Speaking to the media ahead of Manchester City's clash with Brighton & Hove Albion, Guardiola took a cheeky dig at Italian football. The Spaniard tactician stated that he was not good enough to ruin the sport in the country while playing for AS Roma.
Guardiola said:
"I listen to everything that people say about me, so be careful. This isn’t the first time Mr. Fabio Capello has said something like this. But I’m not good enough to ruin Italian football. Italian football is far bigger than the way we play. A big hug for Fabio, a big hug."
Pep Guardiola played one season at AS Roma before moving back to Brescia, the club he had joined after leaving Barcelona in 2001. The Spaniard played for Al Ahli and Doradoes before calling it quits in his playing career.
What did Fabio Capello say about Pep Guardiola?
Fabio Capello was talking to El Mundo this week and claimed that Pep Guardiola had done more harm to football than good.
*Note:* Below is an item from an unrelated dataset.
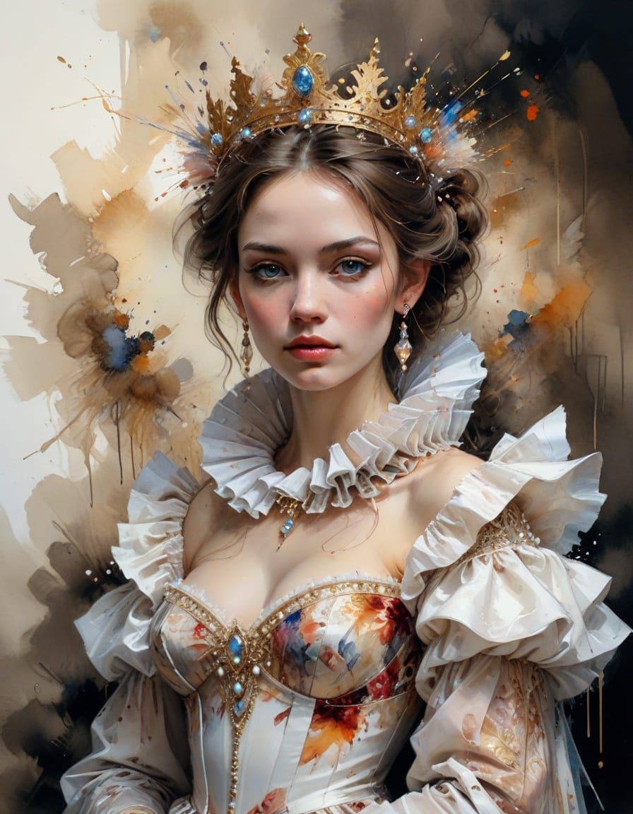 This image shows a regal queen in Renaissance attire, emulated as an oil painting. The artwork uses chiaroscuro techniques and expressive watercolour stylization to create a mesmerizing fusion.

He believed that the manager won the UEFA Champions League with Manchester City in the only season he did not try anything out of the box.
Capello said via GOAL:
"You know what I don’t like about Guardiola? His arrogance. The Champions League he won with City is the only one where he didn’t try anything funny in the decisive matches. But all the other years, in Manchester and Munich, on key days, he always wanted to be the protagonist. He would change things and invent them so he could say: ‘It’s not the players who win, it’s me’. And that arrogance cost him several Champions Leagues. I respect him, but for me, it’s clear."
"Besides, even if it is no longer his fault, he has done a lot of harm to football. Because everyone spent ten years trying to copy him. It ruined Italian football, which lost its nature. I said: 'Stop, you don't have Guardiola's players'! There was also the absurd idea that that was all there was to do to play well. A disaster and also a boredom that made many people flee from football, they only have to watch the highlights, why are you going to watch 90 minutes of passes and horizontal passes without fighting," he added.
Fabio Capello was clear that he did not like Pep Guardiola's tactics and believed that players needed to run and not jog around the way the Spaniard wanted them to do.